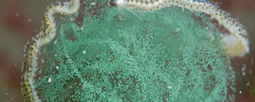 Op dit moment zien sportduikers onderwater in onder andere de Oosterschelde, Grevelingen en Veersemeer per duik duizenden sprankelend groene eiklusters van de gestippelde dieseltreinwormen.
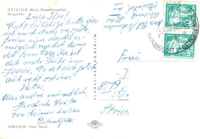 73908396 alte Postkarte Geising Erzgebirge Bergstrasse postalisch gelaufen Erhaltung siehe scans [WerneD78] KatCode: 11110014290140
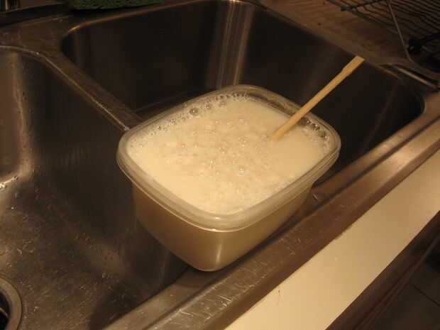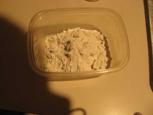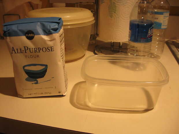 2 - conseguir harina. Normal blanqueada harina funciona bien. Poner unos spoonfulls en el envase. La cantidad exacta no importa. Realmente no tengo ninguna cantidad que guardo a cada momento. Si no es suficiente harina, añadir más.
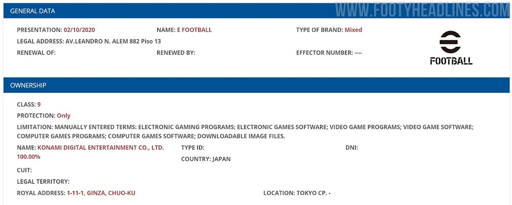 Nun haben Renan Galvani und Elrussiwe neue Markenanträge in Argentinien und Brasilien entdeckt, die darauf hindeuten, dass der Name "eFootball" wird, inklusive eines neuen Logos. Du kannst dir den Antrag aus Argentinien, der bereits im Oktober letzten Jahres eingereicht wurde, hier ansehen.

WORK TO COMPLETE: Output exactly the lines of the listing above that start with the one holding "73908396 alte Postkarte" and go on through the one holding "2 - conseguir"; leave the pictures out.

EXERCISE RESPONSE:
 73908396 alte Postkarte Geising Erzgebirge Bergstrasse postalisch gelaufen Erhaltung siehe scans [WerneD78] KatCode: 11110014290140
 2 - conseguir harina. Normal blanqueada harina funciona bien. Poner unos spoonfulls en el envase. La cantidad exacta no importa. Realmente no tengo ninguna cantidad que guardo a cada momento. Si no es suficiente harina, añadir más.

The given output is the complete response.